Thursday, July 02, 2009

St. Pancras and the Poet

I don't think I'd ever heard the name St. Pancras outside the context of the London railway station. And hearing it would always make me think of the pancreas. St. Pancreas. And damn it, pancreas would always make me think of that icky scene in Love Story where Ryan O'Neal says, "I'm a liver," and Ali McGraw replies, "I'm a pancreas." So I always hated to think of St. Pancras Station because it reminded me of icky Ali McGraw in Love Story. And there I was in London and I still didn't know who the hell St. Pancras was, and why he had a railway station named for him. Could he have been from the Islets of Langerhans, the patron saint of diabetics?

I found myself at St. Pancreas Station, thinking about Ali McGraw and insulin, because I was going to visit the British Library, right by the station. I stopped off at the station to take a look at the statue of John Betjeman, one-time British poet laureate. I don't know his poetry at all, but he's memorialized at the station because he was instrumental in preventing its demolition in the 1960s. It's quite a charming statue.

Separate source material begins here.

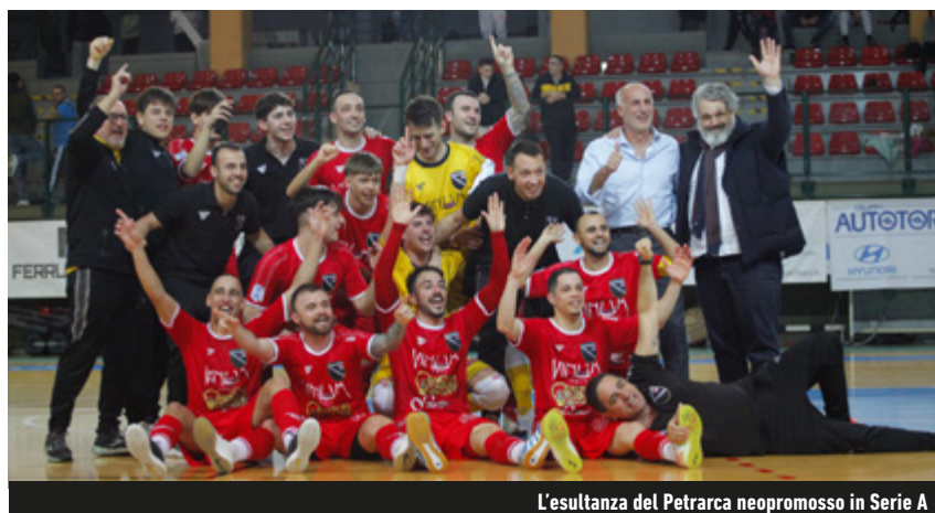
L'esultanza del Petrarca neopromosso in Serie A

A2 Élite - Sette centri a Modena per poter finalmente esultare: il Petrarca chiude il discorso promozione e conquista il Girone A con tre turni d'anticipo. Decisiva la sconfitta del Pordenone per mano del Mestre. I lagunari, così come il CDM, attaccano i playoff complice il riposo dell'Elledì e il k.o. del Lecco con l'Altamarca, ora a -2 dal secondo posto. Weekend importante anche nel Girone B: il Benevento cala il poker nell'anticipo col Giovinezza, mentre il Manfredonia si fa sorprendere sul campo del Regalbuto e scivola a -5 dai campani. La Roma si accontenta delle reti bianche col Futura per accedere ai playoff,

I hadn't been to the British Library since they moved to the St. Pancras area in the late '90s. I went to take a look at the exhibit of treasures of the library's collection, which includes some truly awe-inspiring items. I'd seen many of these items before, at the old library near the British Museum, but the new addition to the collection that had especial relevance to me was a simple typed manuscript page, with written emendations, the opening of Pinter's The Homecoming, one of my favorite plays by one of my most revered literary forebears. The library had acquired the author's papers after his death. Pinter brilliantly peopled the territory that lay between the kitchen sink of Osborne and Wesker and the abyss of Beckett. "What have you done with the scissors?"

But I needed to put a real saint to the Pancras name. I couldn't keep thinking of the pancreas and Ali McGraw, no, that just wouldn't do, so when I got back to New York I googled our saint. It turns out he was just a kid. Beheaded at age 14, in Rome, during the reign of Diocletian. An obscure saint who, for some reason, is venerated by the English. If not for the London railway station and the aid of poet John Betjeman, he'd probably be completely forgotten by now, just another beheaded 14-year-old Roman boy.